Hindsight plugs into most of the popular coding agents and AI assistants through its MCP server, direct SDK integrations, and hooks. If you're already running one of these tools, adding persistent memory is usually a few lines of config.

### Coding agents

**Claude Code** - Hindsight has first-class support through [hooks](https://hindsight.vectorize.io/integrations). Every conversation gets captured automatically, and relevant context is recalled on each prompt. You can also connect it as an [MCP server](https://hindsight.vectorize.io/sdks/integrations/local-mcp) for more control over when memories are stored and retrieved.

**[OpenCode](/opencode-setup-guide/)** - There's a [community plugin](https://hindsight.vectorize.io/integrations) that auto-retains conversations and recalls context on session start. It adds retain, recall, and reflect tools directly into OpenCode's tool palette.

**[OpenClaw](/clawdbot-setup-guide/)** - Hindsight integrates with OpenClaw to add memory capabilities to Claude-based agent workflows. The production memory infrastructure includes server-side access control and a plugin with auto-managed embeddings.

**Codex CLI** - Similar to the Claude Code integration, Hindsight hooks capture conversations and recall context automatically.

**Zed** - The Zed editor's AI assistant gets long-term memory through Hindsight's MCP server. Add it as an HTTP transport entry in Zed's MCP configuration.

**Cursor** - Connect Hindsight as an MCP server to give Cursor persistent memory across coding sessions.

### AI assistants and frameworks

**[Hermes Agent](/hermes-agent-setup-guide/)** - Hindsight serves as the memory backend for the Hermes multi-agent messaging framework. If you're running Hermes, this replaces the built-in MEMORY.md and session search with a more capable vector-based system.

**[Agno](/agno-get-start/)** - There's a direct integration for Agno agents.

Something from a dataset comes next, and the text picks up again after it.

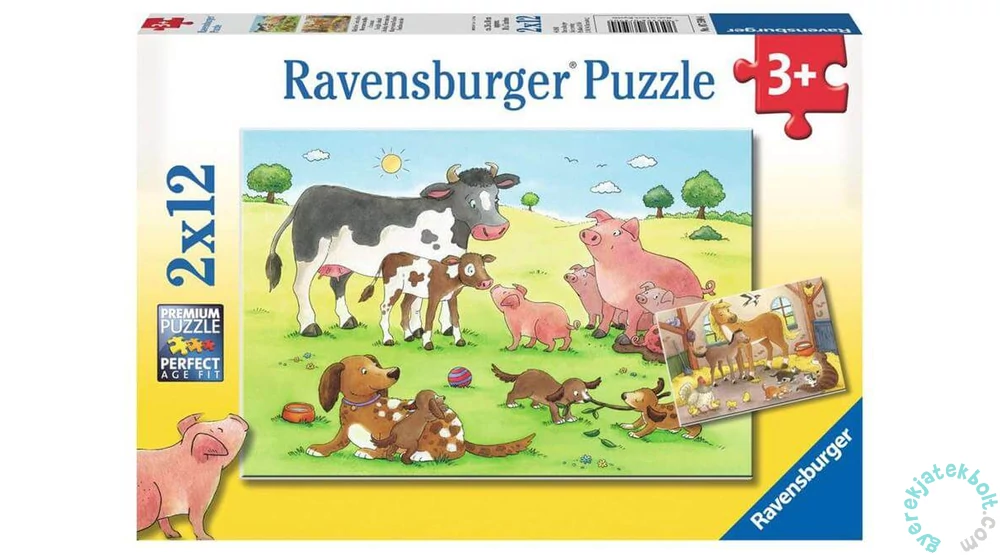 Két kedves állatkás jelenet a farmról. A Ravensburger 2 x 12 db-os puzzle - Boldog állatcsaládok (07590) kirakó képein tehenek, malacok, kutyák, cicák, csirkék és lovak elevenednek meg.

Instead of SQLite-backed chat history, you get structured long-term memory with entity extraction and semantic search.

**[Obsidian](https://obsidian.md)** - Through the MCP server, you can connect Obsidian's AI plugins to Hindsight for persistent memory across your notes and research workflows.

**n8n** - A community node for n8n workflows adds retain, recall, and reflect operations. Drop it into any workflow alongside Slack, Sheets, OpenAI, and 400+ other integrations.

### MCP server

The most flexible option is the MCP server itself. It works with any MCP-compatible client:

```bash
# Connect Claude Code
claude mcp add --transport http hindsight http://localhost:8888/mcp/

# Or use single-bank mode for a specific memory bank
claude mcp add --transport http hindsight http://localhost:8888/mcp/my-bank/
```

The MCP server exposes 29 tools including retain, recall, reflect, mental model management, directive creation, and memory browsing. See the [full integrations list](https://hindsight.vectorize.io/integrations) for all supported tools.

## What's next

Once Hindsight is running, here are some things to try:

- **Wire it into an existing agent** using the LLM wrapper for automatic memory management
- **Create separate memory banks** for different projects or users to keep memories organized
- **Set up the [Hindsight MCP server](https://github.com/vectorize-io/hindsight)** to give coding agents like Claude or Cursor persistent memory across sessions
- **Monitor memory growth** through the web UI's entity browser to understand what your agent is learning
- **Compare with [Cognee](/cognee-vs-hindsight/)** if you also need knowledge extraction from documents and multimodal data

Hindsight is one of those tools that gets more valuable the longer you run it. The first few days of memories are useful. A few months in, the agent starts making connections you didn't explicitly tell it about. That's the mental models kicking in, and it's where the real value shows up.